What needs to be done
Beginning with the first line, return the material verbatim and without pictures.

Data provided
☆ ☆ ☆ ☆ ☆

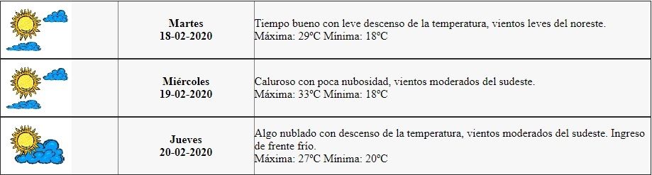 "Tiempo bueno con leve descenso de la temperatura, vientos leves del noreste. Máxima 29ºC, Mínima 18ºC", es la estimación del organismo provincial para hoy, donde seguirá habiendo tiempo agradable.
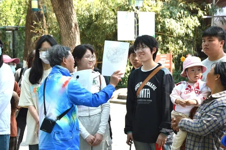 五龙壁前,志愿者拿出自己手绘的龙图案,开展互动环节,为师生们普及了精彩的龙知识。
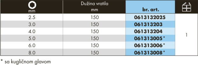 ZEBRA set imbus odvijača sa T-ručicom i loptastom glavom. Raspon prihvata 2,5-8mm.

☆ ☆ ☆ ☆ ☆

Answer box
 "Tiempo bueno con leve descenso de la temperatura, vientos leves del noreste. Máxima 29ºC, Mínima 18ºC", es la estimación del organismo provincial para hoy, donde seguirá habiendo tiempo agradable.
 五龙壁前,志愿者拿出自己手绘的龙图案,开展互动环节,为师生们普及了精彩的龙知识。
 ZEBRA set imbus odvijača sa T-ručicom i loptastom glavom. Raspon prihvata 2,5-8mm.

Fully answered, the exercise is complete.